__WHAT YOU ARE ASKED TO DO__.
Instruction for the entries below: return the part that opens with the line containing "迁移到 SOA 架构后支付数据的读取流程。呈现服务调用一个或多个支付服务,并在应用层聚合数据" and closes with the line containing "Closeouts. Sparkling crystals", exactly, and no pictures.

START THE DATA

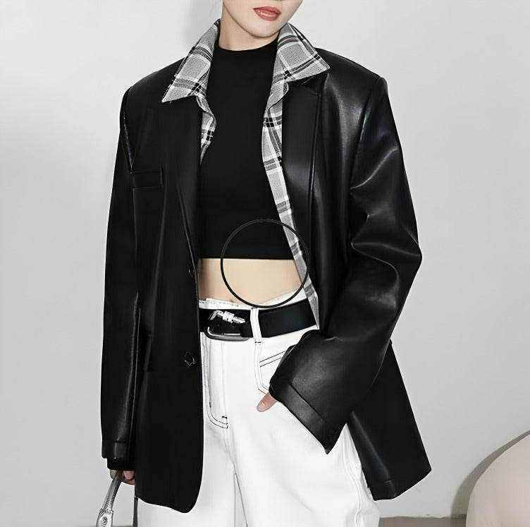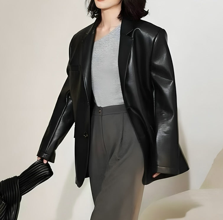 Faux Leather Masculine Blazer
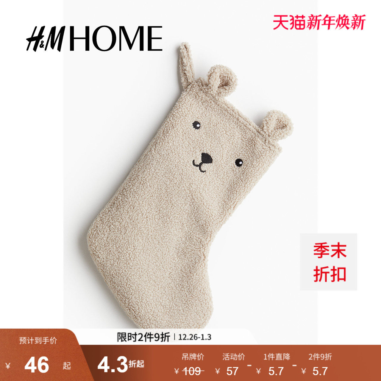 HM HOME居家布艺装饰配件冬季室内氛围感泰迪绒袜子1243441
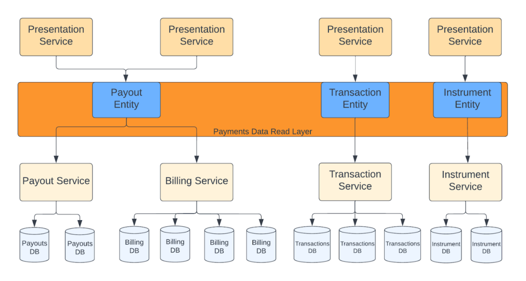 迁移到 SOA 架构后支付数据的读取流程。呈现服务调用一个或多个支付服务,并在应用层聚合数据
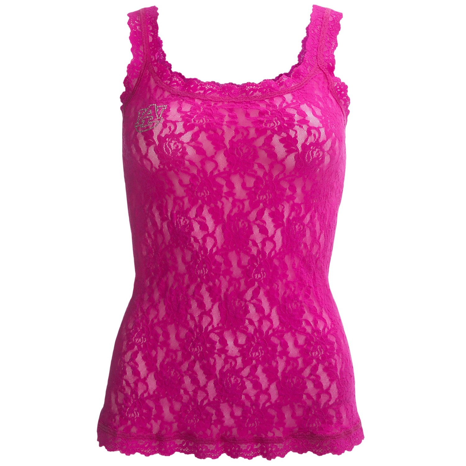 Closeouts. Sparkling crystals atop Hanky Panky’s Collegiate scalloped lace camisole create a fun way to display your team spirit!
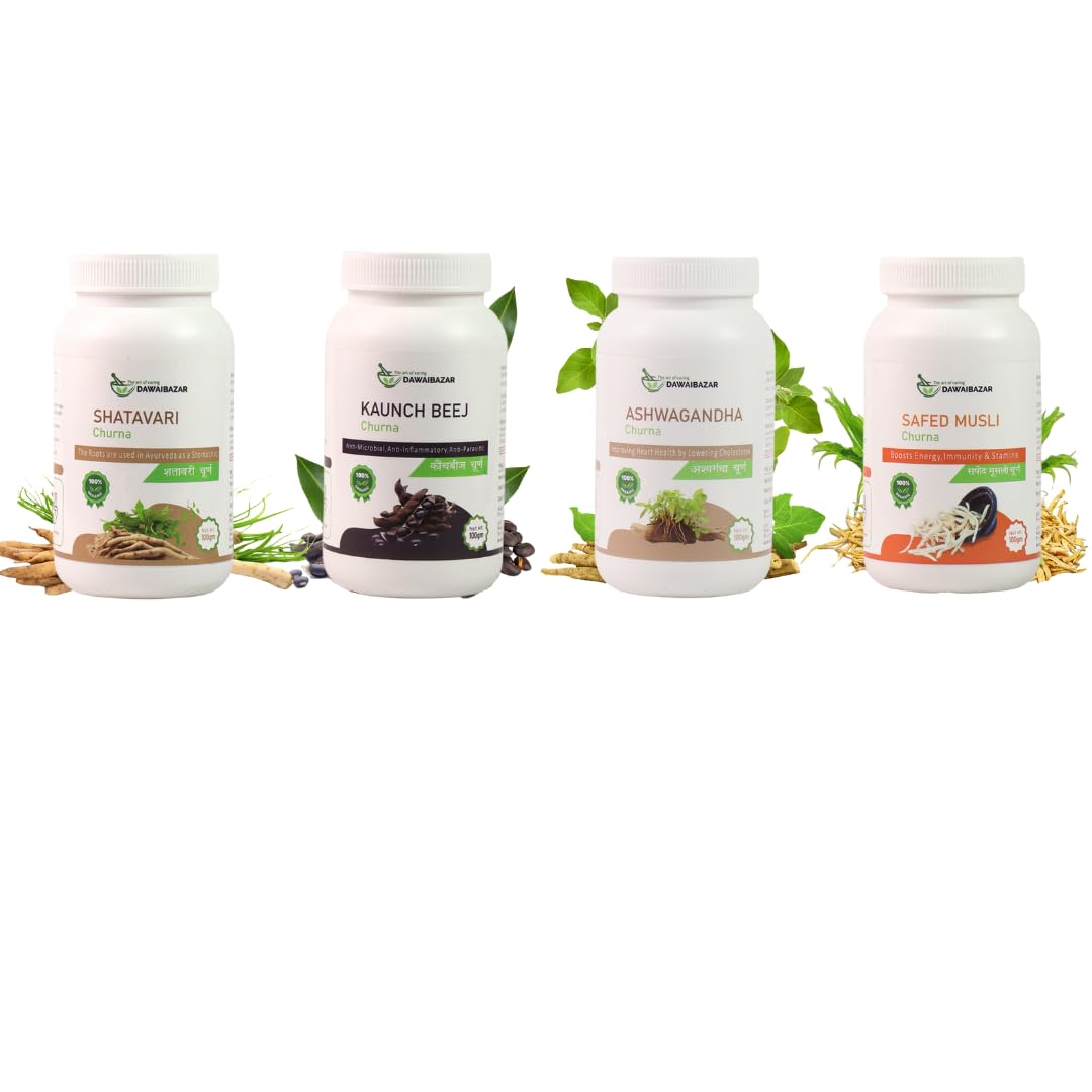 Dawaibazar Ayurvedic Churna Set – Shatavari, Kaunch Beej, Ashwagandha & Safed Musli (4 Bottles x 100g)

END THE DATA

__REPLY__.
 迁移到 SOA 架构后支付数据的读取流程。呈现服务调用一个或多个支付服务,并在应用层聚合数据
 Closeouts. Sparkling crystals atop Hanky Panky’s Collegiate scalloped lace camisole create a fun way to display your team spirit!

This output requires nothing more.